*** Opening Collected data ***

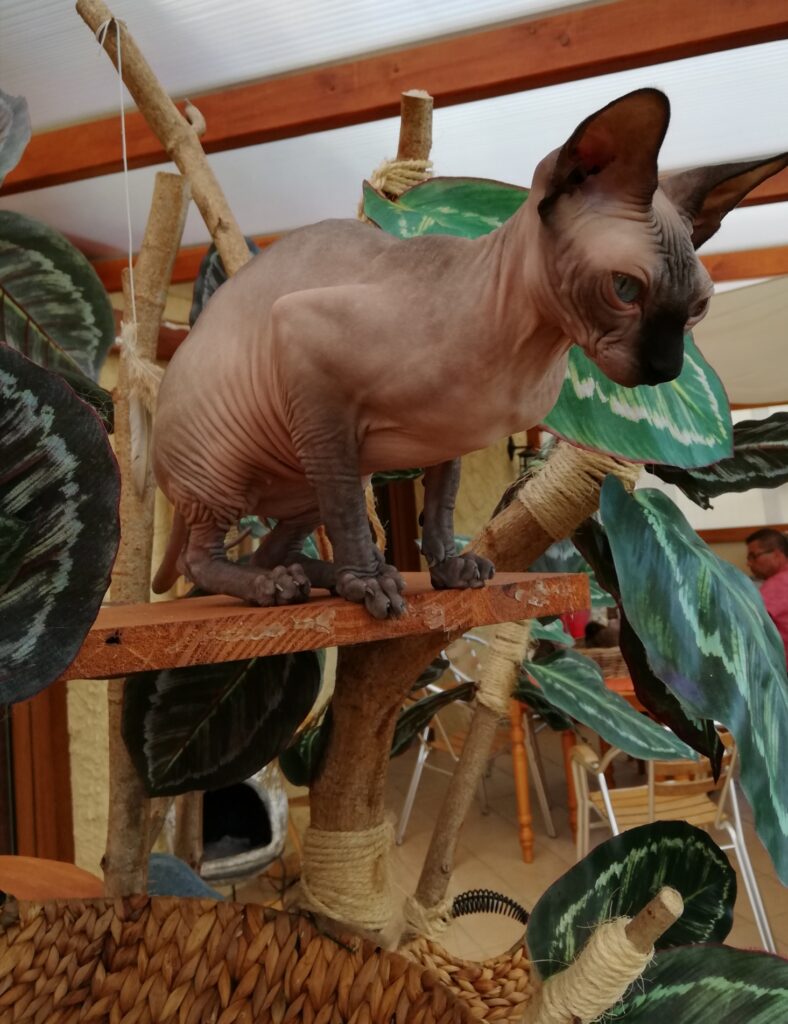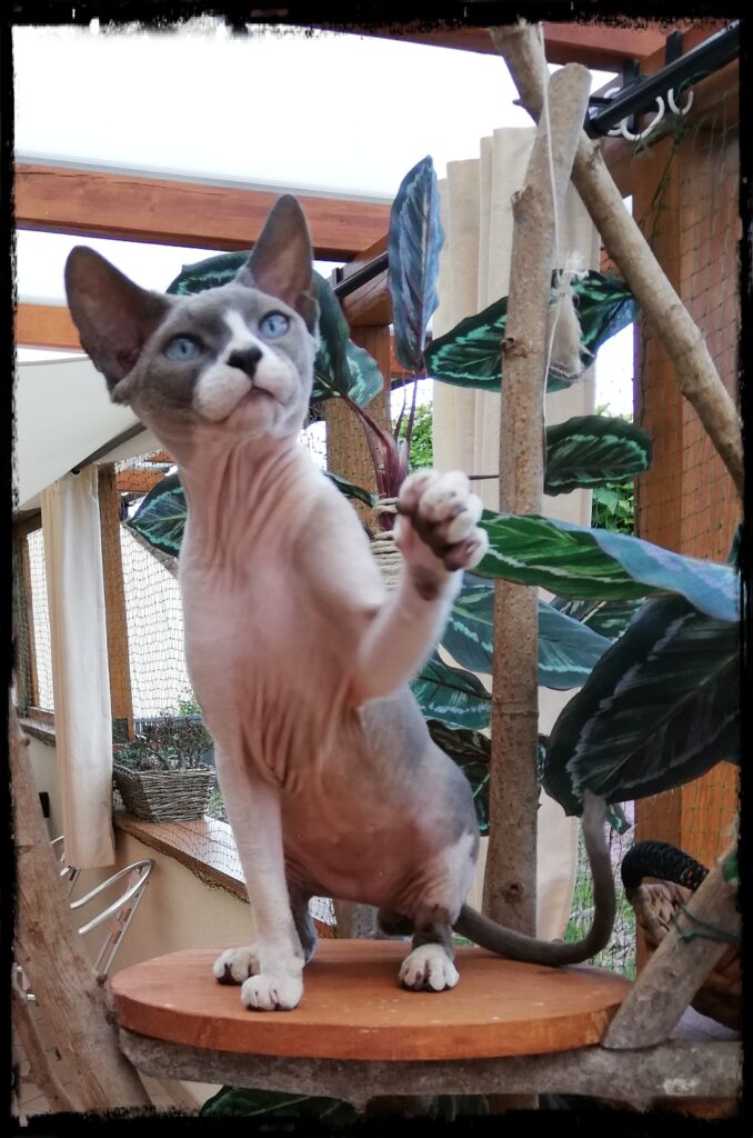 Nexton est un mâle sphynx bleu et blanc à peau de pêche.
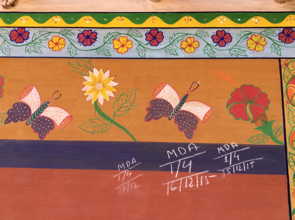 It is important to flag up that not all Singhbhum murals lack detail. The recent addition of paintbrushes to the repertoire of the women artists has led to the emergence of very finely detailed designs in some villages. Women draw elaborate floral patterns, insects, butterflies and decorative details within the horizontal bands painted onto the walls. This, however, is not widespread but is only occasionally found in some villages. Its almost ad hoc occurrence may be attributed to the varying exposure of the women artists, which in turn is directly linked to women’s livelihood and networks of mobility. As mentioned earlier, when women work on construction sites as wage labourers, they encounter the use of paintbrushes and artificial colour more frequently than their agriculturist counterparts. These women then have the opportunity to incorporate the use of brushes into the painting of their murals.
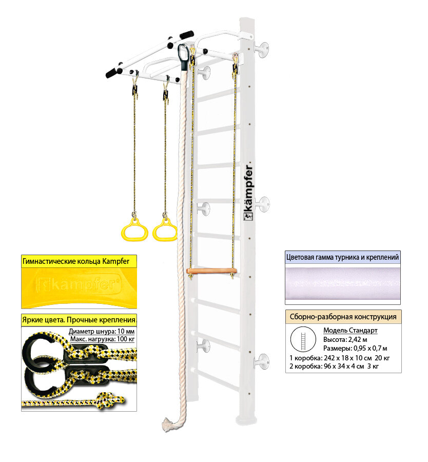 Шведская стенка Kampfer Helena Wall (№6 Жемчужный Стандарт белый турник) интересное:
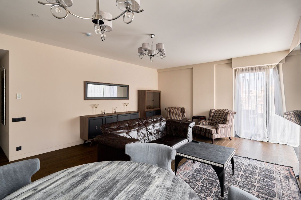 Апартаменты со стильным ремонтом состоят из двух отдельных спален, двух санузлов и кухни, совмещенной с гостиной, а также просторная прихожая.

*** Closing Collected data ***

▶ [What you need to do]: Would you print the whole listing exactly, omitting the pictures?

▶ [Exercise solution]:
 Nexton est un mâle sphynx bleu et blanc à peau de pêche.
 It is important to flag up that not all Singhbhum murals lack detail. The recent addition of paintbrushes to the repertoire of the women artists has led to the emergence of very finely detailed designs in some villages. Women draw elaborate floral patterns, insects, butterflies and decorative details within the horizontal bands painted onto the walls. This, however, is not widespread but is only occasionally found in some villages. Its almost ad hoc occurrence may be attributed to the varying exposure of the women artists, which in turn is directly linked to women’s livelihood and networks of mobility. As mentioned earlier, when women work on construction sites as wage labourers, they encounter the use of paintbrushes and artificial colour more frequently than their agriculturist counterparts. These women then have the opportunity to incorporate the use of brushes into the painting of their murals.
 Шведская стенка Kampfer Helena Wall (№6 Жемчужный Стандарт белый турник) интересное:
 Апартаменты со стильным ремонтом состоят из двух отдельных спален, двух санузлов и кухни, совмещенной с гостиной, а также просторная прихожая.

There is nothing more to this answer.